Showing posts with label risk premium. Show all posts
Showing posts with label risk premium. Show all posts

Thursday, March 8, 2007

The Credit Default Swap Canary

Raise your hand if you were following were watching the Bombay Sensex for clues about the future of the Chinese market or were wise to the unwinding of the Yen carry trade before it happened. Maybe you were tipped off to the subprime mortgage debacle. If so, you did a better job than most investors.

I won’t say that keeping a weather eye on the VIX would have guaranteed that you found yourself on the right side of the markets on 2/27, but it would have helped. Careful study of the equity put to call ratio would also probably have helped.

Let me nominate another canary to add to the investment coal mine: credit default swaps. I know, I’m not a bond guy either, but keeping an eye on how the markets are pricing default risk (the spread versus the US Treasury yield curve) is somewhat of a bond analog for how equity risk is priced in with the VIX.

I highly recommend watching the credit default swap index for high yield corporate bonds.

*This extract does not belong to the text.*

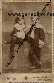 Georges Henri GRANDJEAN-PERRENOUD-COMTESSE, ingénieur CIVIL, fils de Henri GRANDJEAN-PERRENOUD-COMTESSE et Reine Mélina « Mélina » PERRENOUD, naquit le 2 juillet 1849 à LA CHAUX-DE-FONDS, -, Neuchâtel, Suisse et mort le 17 juin 1900 à NEW ORLEANS, -, LOUISIANE, USA à l’âge de 50 ans. Il a épousé Francine Joséphine FRÉMAUX, fille de Léon Joseph FRÉMAUX et Flore Caroline Marion DE MONTILLY, le 24 avril 1879 à NEW ORLEANS, -, LOUISIANE, USA. Elle naquit le 3 août 1852 à DONALDSONVILLE, -, Louisiane, USA.

A snapshot of this index is available at Yahoo, but much more information is available through Markit (click on the Dow Jones CDX.NA.HY link to pull up the graph below). Note that in the high yield graph, the market discounted 1/3 of the risk premium from September to Feburary and is now going through wild gyrations in an effort to re-price the risk premium to better match current expectations.

I should also note that while StockCharts.com does not provide charts for the high yield credit default index, they do offer charts for a sister index, the investment grade credit default index, whose weekly chart I have included below. The IG index chart suggests that the recent turmoil in the bond markets is less than what transpired during the May-July sell-off of last year and does little to reverse the 20 month trend of increasingly narrowing credit default spreads.

The bottom line is that it is always good to have a canary that you watch closely to help call market tops and bottoms. It can’t hurt to have several canaries, each with their own unique sensitivities.